Sydney B-Line

TraNZport blog has been writing a series of articles on what other cities around the world have been doing that may be of interest to New Zealand cities (Belfast, Canberra& Ottawa).

A colleague of mine was recently waxxing lyrical to me about a new project he’s been following closely – so I’ve written this article about it in a similar vein.

In 2019 Sydney introduced a new bus service called the “B-Line”. This is a service connecting Central Sydney to Mona Vale 25km to the north.


The service comprises:

  • Very high “turn-up and go” frequencies: every 2 minutes peak, every 5 minutes off-peak
  • Huge span: It runs 7 days a week, 20 hours a day  (begins 4:30am, ends 12:30am)
  • Flash new vehicles – double-deckers kitted out with real-time information screens and announcements – a cut above the other buses in the Sydney network.
  • Stops consolidated and upgraded into “Stations”. There are only 10 stations over its 25km length (a typical bus service might have around 60-70 over this sort of length).
  • New sections of bus lanes and other bus priority.
  • Six new park and ride facilities.
  • Walking and cycling improvements around stations (including several elevated over bridges)
b-line station
Their stations are vaguely reminiscent of Christchurch’s new “super-stops”

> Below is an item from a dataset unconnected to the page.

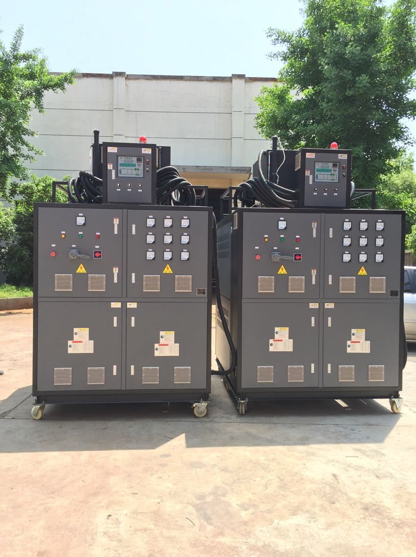 高溫油溫機就是以導熱油為傳熱媒介的模溫機。油溫機自身設有一個儲油箱,工作時導熱油由儲油箱進入系統,導熱油通過加熱器升溫,然后經循環泵打入到模具或其它需要控溫的設備,導熱油從控溫設備出來后,再返回到系統,周而復始。

The bus priority, limited stations and almost zero wait-times mean travel times are faster than driving for many people. A quick Google Maps query returns a morning peak in-vehicle journey time from Mona Vale to the city of 66 minutes by bus and anywhere between 45-105 minutes by car.

sydney bline bus2

In its first year it carried 5.9 million passengers, which interestingly is almost exactly what the Auckland northern busway carried last year.

The new service cost around AU$600 million in capital costs. Ffrom what I can tell over half of the cost seems to be made up of the 6 park and ride facilities, some of which required land purchase and some of which are multi-storey buildings.

The initial intention of the project was that it would be full-blown Bus Rapid Transit. However, for various reasons, as it evolved it was scaled back into “BRT-lite”. The buses run in bus-lanes for much of their trip but not all of it. My colleague thinks the success of the project has been largely down to doing a lot of small things really really well. The branding has been strong, the vehicles are very nice to ride in, although it is not fully segregated the bus priority it has works properly so it is faster and more reliable than driving, the whole ambience of the service has been created to make it feel more like catching a train than a bus. In his words there are a whole lot of things designed to make passengers feel “more important” than motorists when they use the B-line.

I think this sort of project could work well in a situation where full-blown Mass Rapid Transit (e.g. Bus Rapid Transit) is too hard to implement – too costly, too difficult politically, too much disruption etc. This “BRT-lite” achieves a lot of the benefits at lower cost and is much easier and faster to implement. It could also be a stepping-stone on the way towards something else.